To complate the project you need to download an OSM XML dataset for one of areas you are intrested in. Then audit the data in many ways.
<ul>
    <li>Languages</li>
    <li>Data formats</li>
    <li>Abbreviation</li>
    <li>Etc...</li>
</ul>

Also, statistical overview of the dataset must be provided for:
<ul>
    <li>Size of the file</li>
    <li>Number of unique users</li>
    <li>Number of nodes and ways</li>
    <li>Number of chosen type of nodes, like cafes, shops etc.</li>
</ul>

Finally, you need to provide suggestions for improving, analyzing the data and includes thoughtful discussion about the benefits as well as some anticipated problems in implementing the improvement.
<hr/>

### 3. Data Exploration
I selected Cape Town, South Africa as my area to be cleaned. I will do the following steps:
<ol>
    <li>Download map's data</li>
    <li>Prepare workspace</li>
    <li>Select dataset file</li>
    <li>Check file size</li>
    <li>Calculate total tags</li>
    <li>Calculate total users</li>
    <li>Audit abbreviations</li>
    <li>Change abbreviations</li>
    <li>Convert data JSON</li>
    <li>Storing data in MongoDB</li>
    <li>Statistical overview</li>
</ol>

#### 1.Download Map's Data
I Downloaded Cape Town from the https://mapzen.com/data/metro-extracts datasets.
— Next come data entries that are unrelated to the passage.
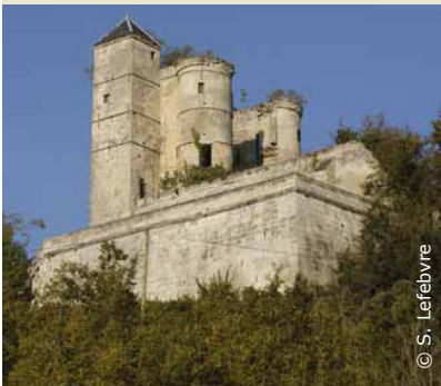
Château de Pernant
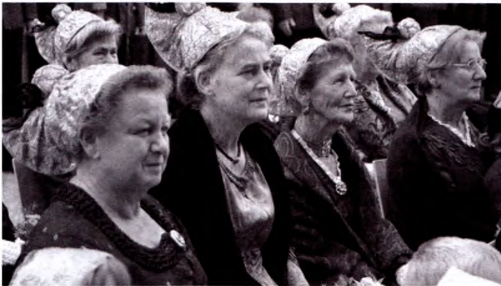
Tillarang ro'mollar bayramlarda o'raladi.

Shaharning kazo-kazolari (siyosat, iqtisod va san'at sohalarining taniqli namoyandalari) uchun ham fasching (karnaval)dagi oxirgi payshanbada bo'ladigan Opera bali yilning eng shov-shuvli voqealaridan biridir. Vena davlat opera teatri minglab gullar bilan bezatilib, ulkan raqs zali tusini oladi. Bu balning har yilgi ochilish marosimi an'anaga aylanib qolgan. Ushbu tadbir «Staatsball» («Davlat bali») deb ham ataladi. Federal prezident tashrif buyurishi bilanoq federal madhiya yangraydi, 144 nafar debyutant juftlik esa Polonez (raqs turi) ga raqs tushadi. Undan keyin opera va balet chiqishlari boshlanadi, ba'zi solistlar o'zlarining eng yaxshi ariyalarini ijro etadi, so'ngra besh minglar atrofidagi kecha mehmonlari ham raqs tushishi mumkin. Ayni damda Venadagi mashhur Opera bali dunyoning o'zga davlatlarida o'z taqlidchilariga ega bo'lib, hatto, bu jarayonga qarshi bo'lib turadigan namoyishlar ham an'anaga aylanib qoldi. Fashingning yakunlovchi qismi sevimli baliqli taom bo'lmish «Heringsschmaus» (selyodkali taom) iste'mol qilinadigan «Aschermittwoch» (kulchorshanba)dir. Qadimgi odatlarga ko'ra, (pasxa ro'za oyi)da tanovul qilinadigan baliqli taom bilan bugungi «Heringsschmaus» ning o'xshash jihatlari ko'p emas, chunki avvalgi oddiy yegulikdan eng sara, laziz taom vujudga kelgan.
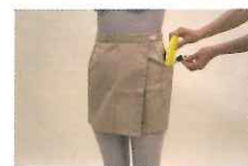
大腿骨を守ってくれる パッド付スカート

転んだ衝撃から大腿骨を守ってくれるスカートや、捻挫防止のために足首を固定するサポーターなどの転倒予防グッズを紹介します。
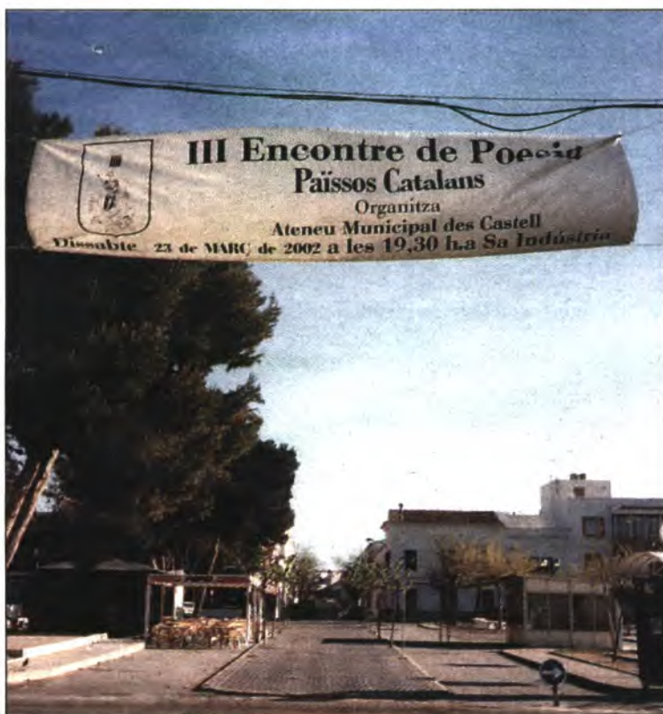
L'Ajuntament des Castell saludava amb pancartes enmig del carrer el III Encontre de Poesia dels Països Catalans.

he tengut una llarga conversa amb el poeta de les Illes que més premis a guanyat de poesia i narrati-
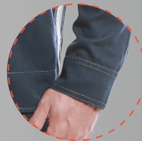
Puño con ajuste de velcro para mayor comodidad
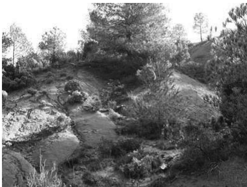
Figura 1 i 2. Formació de sílex entre les margues grises de Cal Tomàs i sílex procedent de l'aflorament. Font: B. Gómez de Soler: Áreas de captación y estrategias... , op. cit., p. 25.

Les roques silícies també es localitzen en posició secundària a l'entorn de Tous en el tram del torrent de Tous que discorre a prop d'una de les formacions primàries denominada El Mas. Des del seu naixement fins a l'altura del municipi es localitzen nivells de l'antiga terrassa del torrent on es va
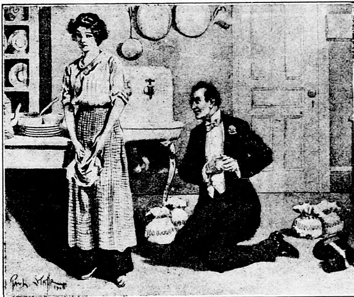
A vagyonos kérő behódol a házas lánynak.

Az alumínium szép, csaknem ezüstfehér fém, mely a levegőn nagyon kevésbé változik, nagyon jól nyújtható és ami legelőbb és legértékesebb tulajdonsága: nagyon könnyű; fajsulya 2.6. Az utolsó husz év alatt az alumínium használata nagyon elterjedt. Ezt az igen értékes fémet
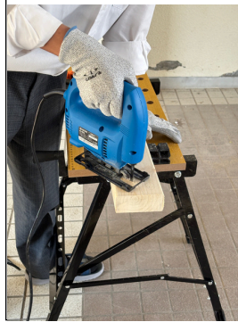
LHR・放課後と大忙しで準備・練習をしています。

6月12日（金）・13日（土）の二日間、文化祭が実施されます。一日目は、午前中に文化部の発表、午後は二日目に向けて準備となります。二日目は、午前中にクラス合唱と学年合唱（校歌）、合唱が終わり次第、模擬店・縁日が始まります。二日目は、土曜日に開催しますが、ご来場は、保護者とその家族や近隣中学校など本校が認めた方々としていきます。ご注意ください。今年度は、校舎が長寿命化工事をしているため、駐車場が通常より狭いです。乗り合わせで来ていただけますと、幸いです。
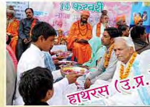
हाथरस (उत्तर प्रदेश)
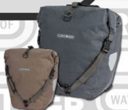
Back-Roller Urban Line Hjólataska - 20 lítra Kr. 14.900,-
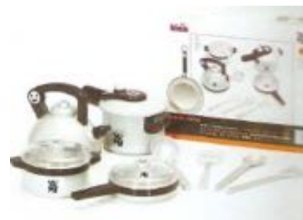
SET DE CACEROLAS REF 27-9430

Amplio equipamiento con cocina, fregadero y horno. Mandos con sonidos de "clic" para un juego realista. Incluye sartén, tres utensilios de cocina, especieros, sartén y olla con tapa de madera a juego. Medidas: 36x17x37 cm. Altura de trabajo 20 cm. Recomendado a partir de 3 años.

The dataset path is https://s3.amazonaws.com/metro-extracts.mapzen.com/cape-town_south-africa.osm.bz2
<hr/>

#### 2.Prepare Workspace
Here, I will import the libraries which I will use in the cleaning process. 

In [1]:
import xml.etree.cElementTree as ET
import pprint
import re
import os
import codecs
import json
import re
from collections import defaultdict
from pymongo import MongoClient


#### 3.Select Dataset File
The selected file will be used in the clearnce process.

In [2]:
OSM_FILE = 'cape-town_south-africa.osm'

#### 4.Check File Size
Here we will check the file's size and print it out.

In [3]:
# this function takes a number of file size in bytes and convert it to other sizes
def convert_bytes_to_size(num):
    for x in ['Bytes', 'KB', 'MB', 'GB', 'TB']:
        if num < 1024.0:
            return "%3.1f %s" % (num, x)
        num = num / 1024.0

def get_file_size(file_path):
    if os.path.isfile(file_path):
        file_info = os.stat(file_path)
        return convert_bytes_to_size(file_info.st_size)
    
size = get_file_size(OSM_FILE)
print ('File size', size)


('File size', '283.0 MB')


The size of the dataset is 283 MB. Whihe means it is bigger than 50 MB.


<hr/>

#### 5.Calculate Total Tags
Here we will loop over the dataset file and count the number of occerence of each tag [type]. This will help us understanding dataset and its structure.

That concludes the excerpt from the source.